Legal

Privacy policy.

How we process your personal data when you visit viktrum.com or write to us. Fully compliant with GDPR and Spanish LOPDGDD.

Last updated: 12 May 2026 · Version 1.0

1. Data controller

Owner: [Full legal name]
Tax ID (NIF): [NIF/DNI]
Address: [Full address, postal code, province]
Contact email: hello@viktrum.com
Activity: Technology consultancy and software development under the brand Viktrum.

2. Data we process

We only process the data you provide voluntarily. Specifically:

  • Contact data: name, email, phone number (if provided) and company name.
  • Navigation data: IP address, browser type, pages visited and visit duration (see Cookie policy).
  • Communication data: the content of messages you send us by email or form.

We do not collect special categories of data (health, ideological, religious, biometric data) through this website. If your business requires processing of sensitive data, we formalize it in a specific Data Processing Agreement (DPA) before starting any project.

3. Purposes and legal basis

We process your data for the following purposes:

  • Handling your request for information or call booking — legal basis: pre-contractual measures at your request (Art. 6.1.b GDPR).
  • Sending you commercial communications about our services — only with your explicit consent (Art. 6.1.a GDPR). You may withdraw it at any time.
  • Complying with our legal obligations — legal basis: compliance with a legal obligation (Art. 6.1.c GDPR).
  • Anonymous statistical analysis of site usage — legal basis: legitimate interest (Art. 6.1.f GDPR), always with aggregated data and no personal identification.

4. Retention periods

  • Commercial contact data: up to 3 years from the last contact if no contractual relationship is formalized.
  • Active client data: during the contractual relationship and the applicable legal periods (6 years for commercial documentation, 5 years for tax compliance).
  • Navigation data: 13 months maximum (Spanish AEPD recommendation).

5. Recipients and data processors

We do not transfer your data to third parties for commercial purposes.
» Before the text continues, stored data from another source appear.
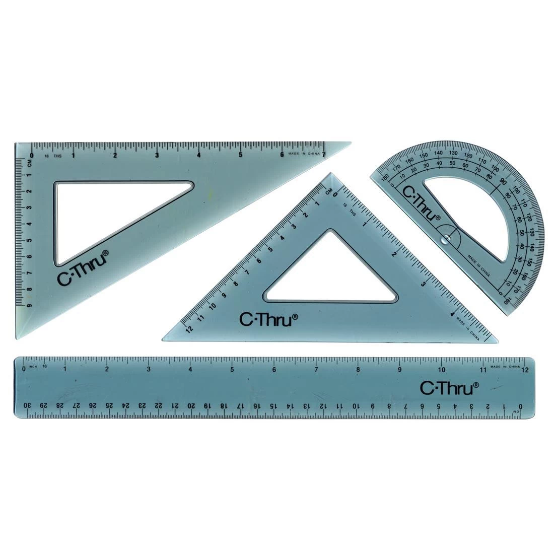 Durable, transparent plastic allows you to see exactly where you are measuring and marking. Includes 12″ ruler, 4-3/4″ 180° protractor, 5″ 45/90° triangle and 7″ 30/60° triangle. Ruler includes both English and metric units; triangles feature inch markings on one edge and metric markings on the other.
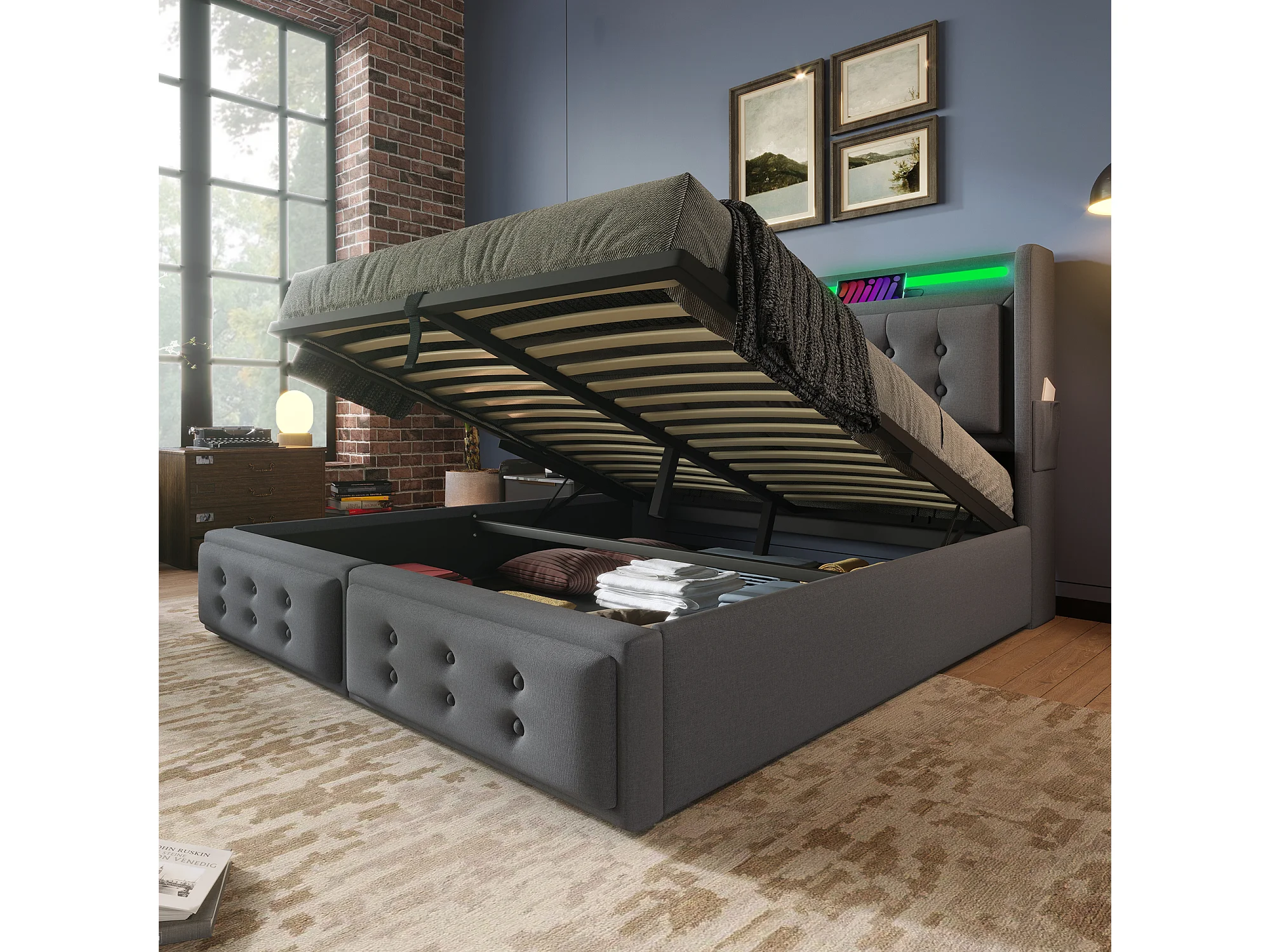 Lit double 180x200 cm avec tête de lit en cuir et fonction de chargement USB, gris, avec rangement pratique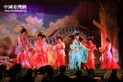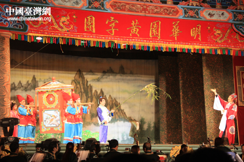 臺灣明華園黃字劇團(tuán)與漳州市薌劇團(tuán)同臺獻(xiàn)演大型歌仔戲《周公法斗桃花女》。(中國臺灣網(wǎng) 胡珊珊 攝影)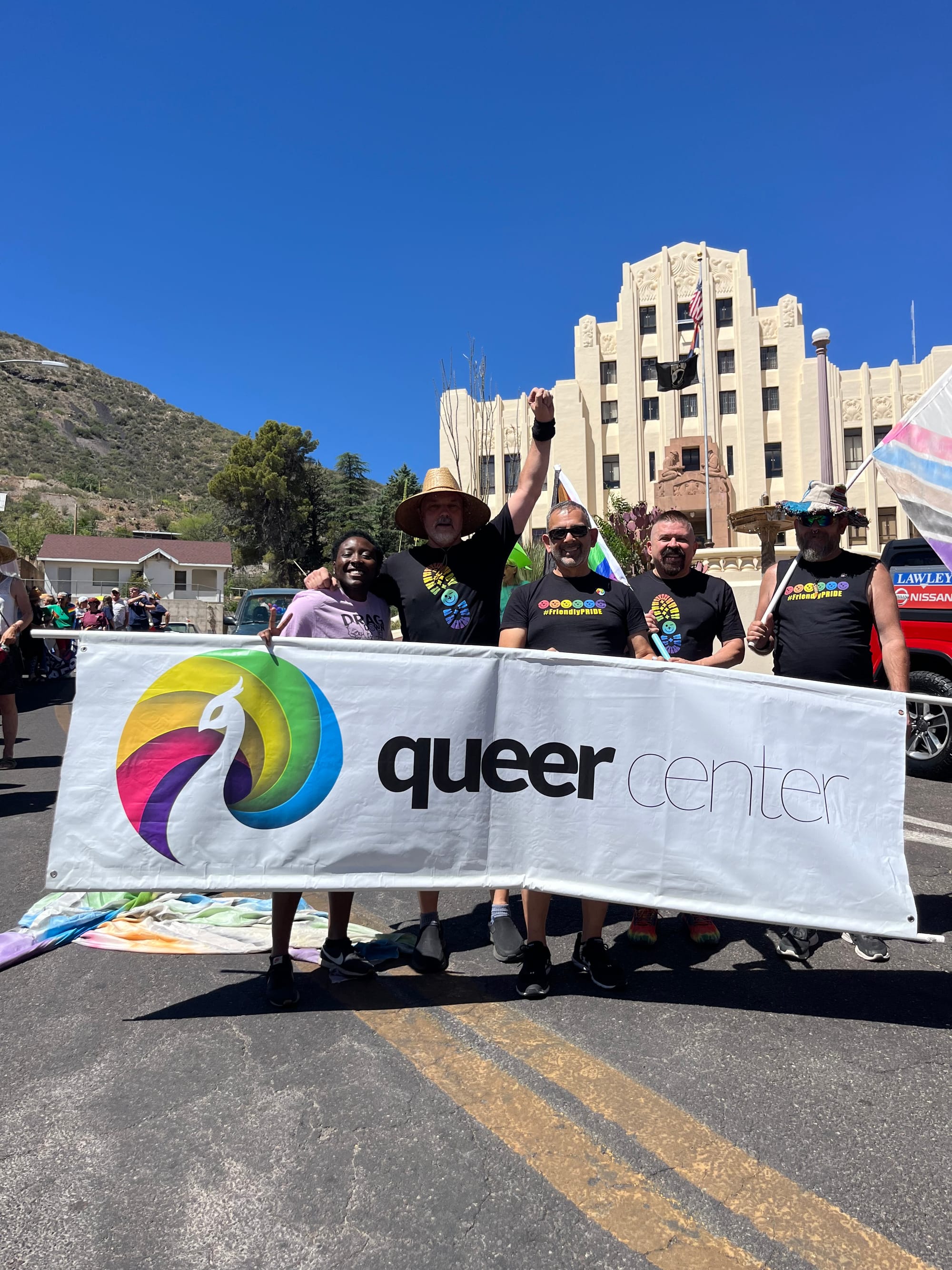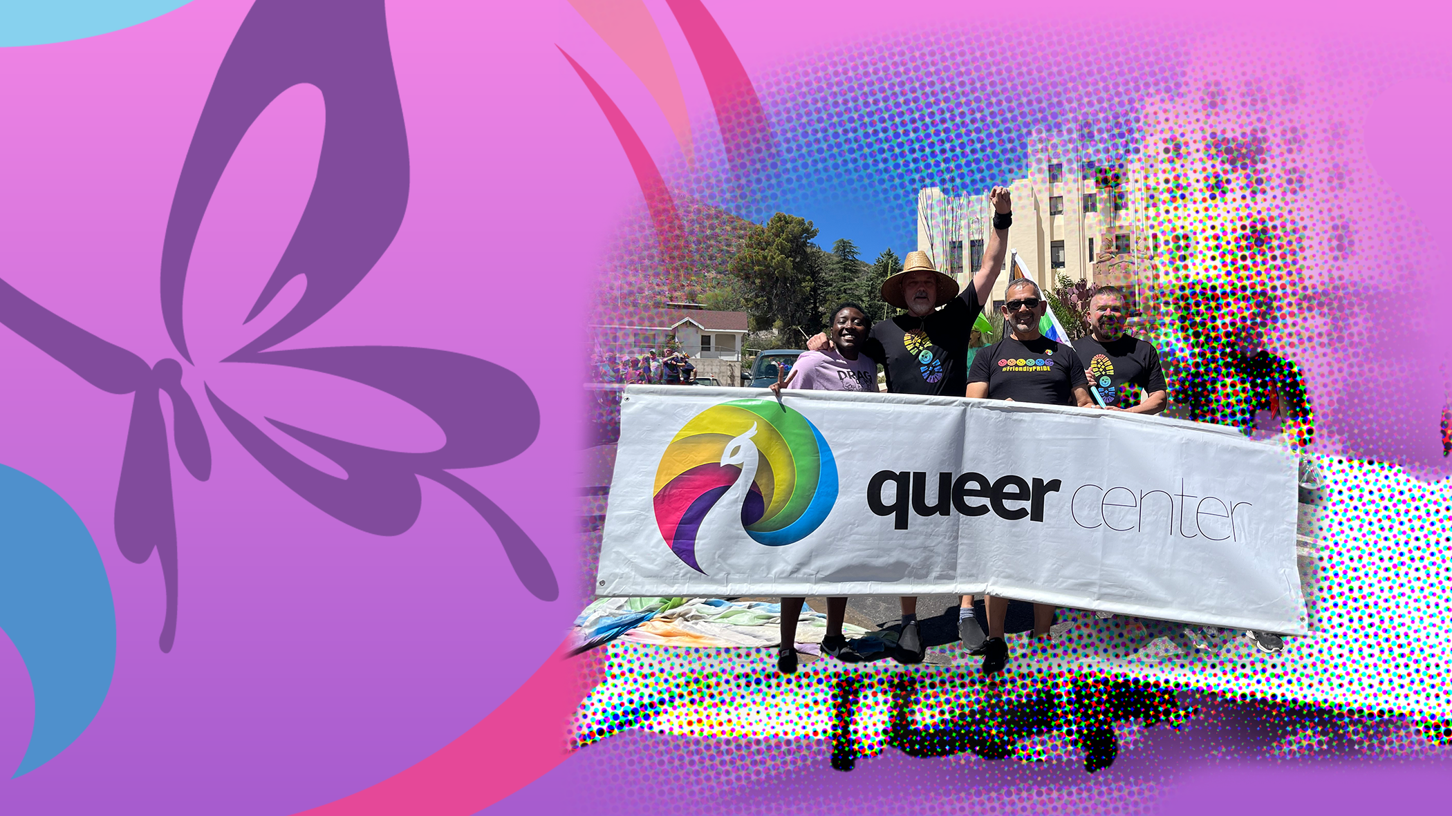 Jay Brown (left) holds the banner for the Queer Center, a local nonprofit that houses LGBTQ+ community groups. (Photo courtesy of Jay Brown)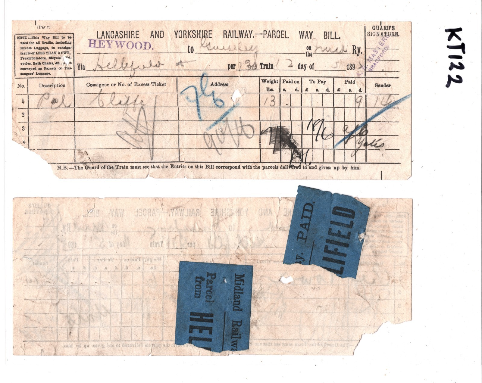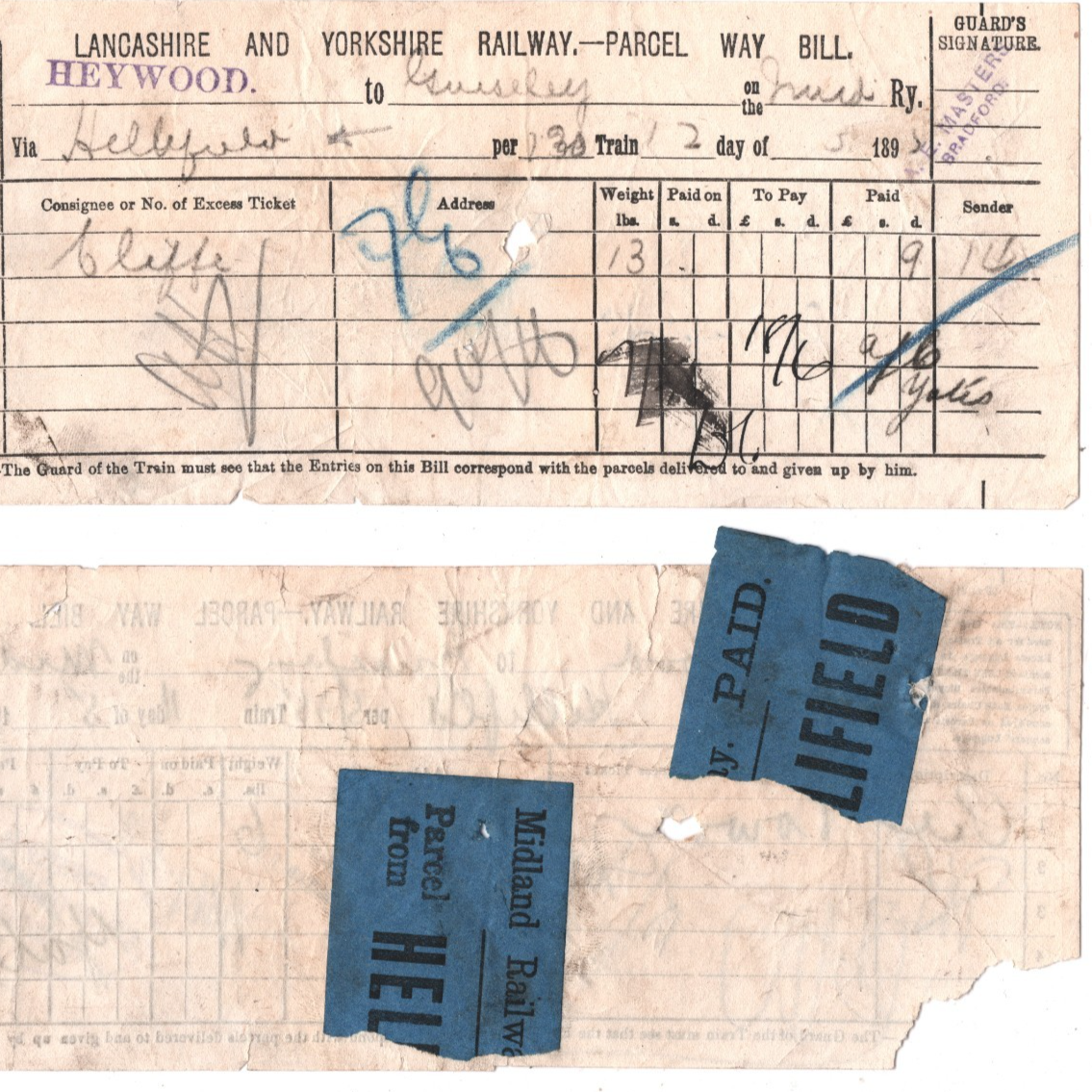 REMARKABLE USE of Blue Paper *PAID* Parcel Stamps of HELLIFIELD STATION (Yorks). MATCHED PAIR OF LANCASHIRE & YORKSHIRE RAILWATY Way Bills both from HEYWOOD STATION (Lancs). RAILWAY PARCEL STAMP EXHIBITION ITEM from archive lot discovered by Samwells Ltd. NOT OFFERED to collectors previously. Faults. Overall Good for an item of this type & period. Please look at all the scans to help form your own opinion (WAF).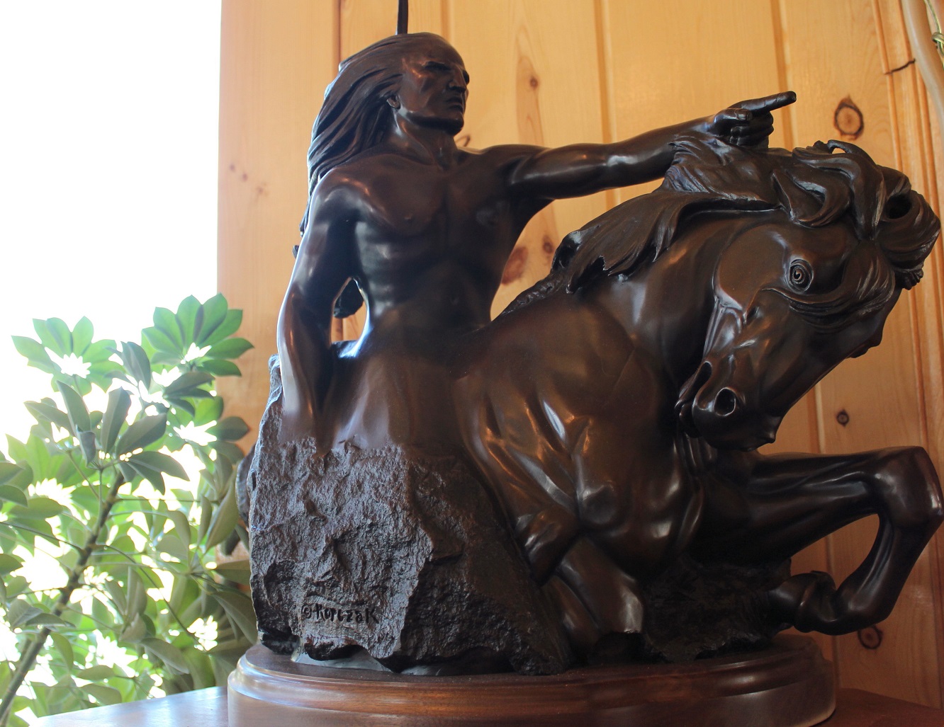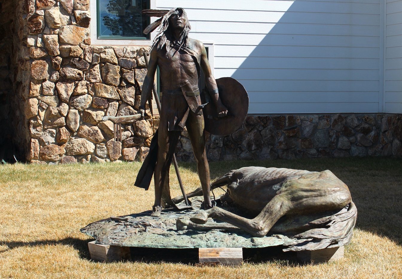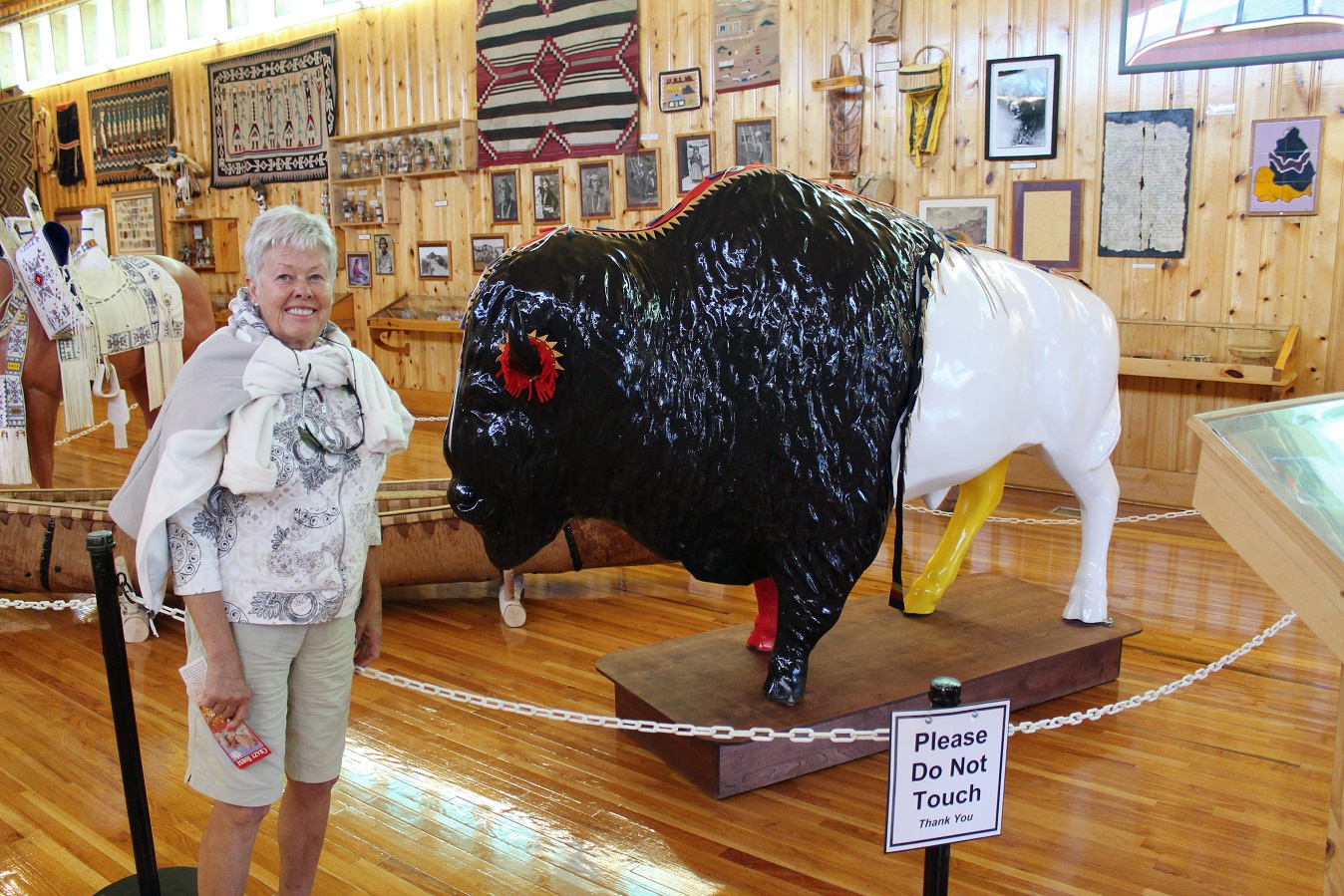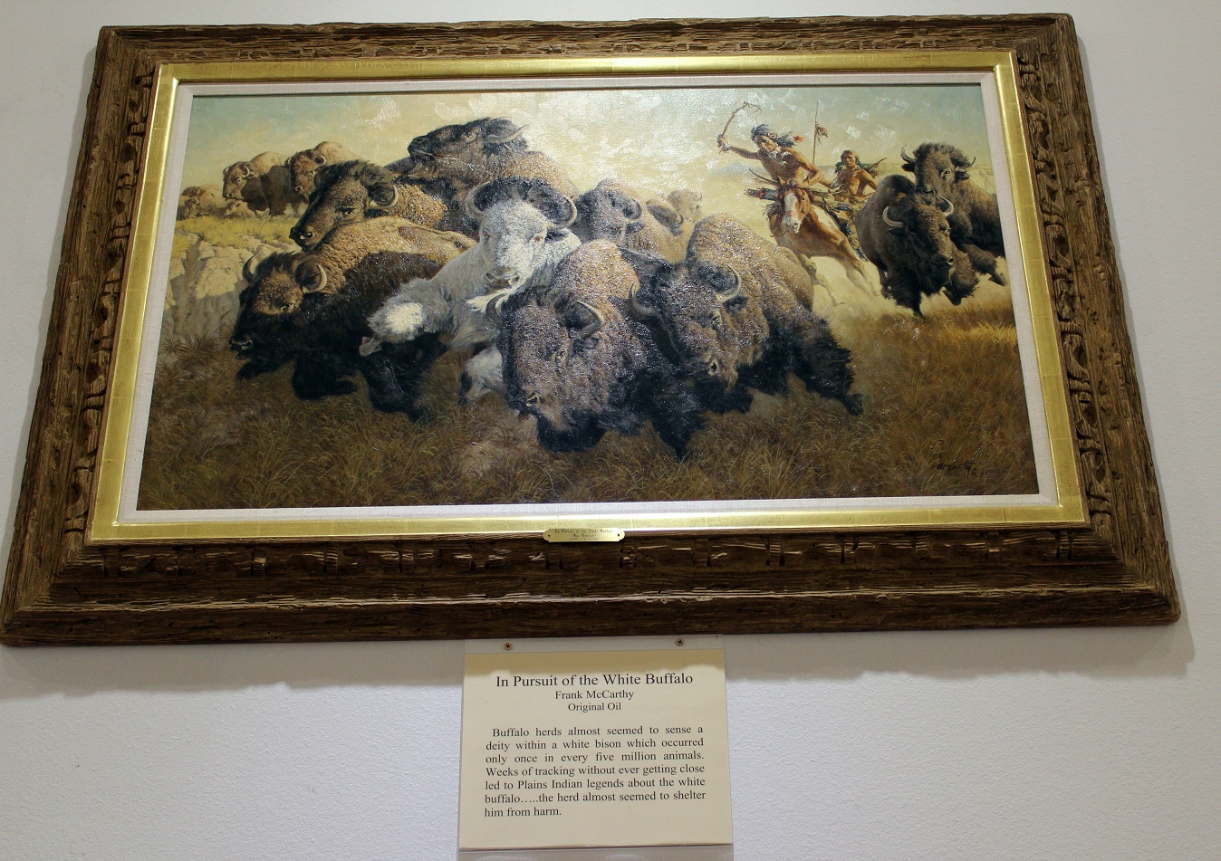 [This was one of the more amazing stories . . . Korczak started the sculpture all by himself in 1948. It was more than 700 stairs up to his work area, carrying about 50 pounds of equipment with him. He ultimately realized he needed a compressor, bought this one used (a Buda, as I recall), and he would crank start it and then begin his climb. But it was not reliable and often conked out – he would have to go back down to re-start it. One day he did that NINE times! I can’t even imagine what kind of shape he was in, and he was not a young man. So, Crazy Horse has been under construction for 67 years, most of that time span by Korczak himself. More workers of late have made much more progress in the last 15 years than Korczak did in the first 50 years. Best estimates are that it is still at least 20 – 30 years from completion. Guess I won’t see it.]

We do use technology providers acting as data processors who comply with GDPR:

  • Cloudflare — web hosting and DDoS protection (EU servers).
  • Google Workspace — corporate email (Google Ireland).
  • Cal.com — appointment management (GDPR-compliant provider).
  • Supabase — database in European region (eu-west-1).
  • Anthropic — AI models (with no-training clauses on client data).

We sign processor contracts (DPAs) with all providers who process personal data on behalf of Viktrum, in accordance with Article 28 GDPR.

6. International transfers

When we work with providers outside the European Economic Area (for example, Anthropic in the United States), we apply the safeguards provided by GDPR: Standard Contractual Clauses approved by the European Commission or adherence to the EU-US Data Privacy Framework where applicable.

7. Your rights

You may exercise the following rights over your data at any time:

  • Access — know what data we process about you.
  • Rectification — correct inaccurate data.
  • Erasure — request deletion of your data when no longer needed.
  • Objection — object to processing for reasons related to your particular situation.
  • Restriction — request the restriction of processing in certain cases.
  • Portability — receive your data in a structured, commonly used format.
  • Withdraw consent — when processing is based on your consent.

To exercise any of these rights, write to hello@viktrum.com indicating the right you exercise and attaching a copy of your ID or equivalent identification document. We will respond within a maximum of one month.

8. Claims to the AEPD

If you believe the processing of your data does not comply with regulations, you may file a claim with the Spanish Data Protection Agency (AEPD) (www.aepd.es), C/ Jorge Juan, 6, 28001 Madrid.

9. Changes to this policy

We may update this policy when applicable regulations, our services, or our providers change. Any substantial change will be notified on this same page with a new update date; if it affects users with an active contractual relationship, it will be communicated directly by email.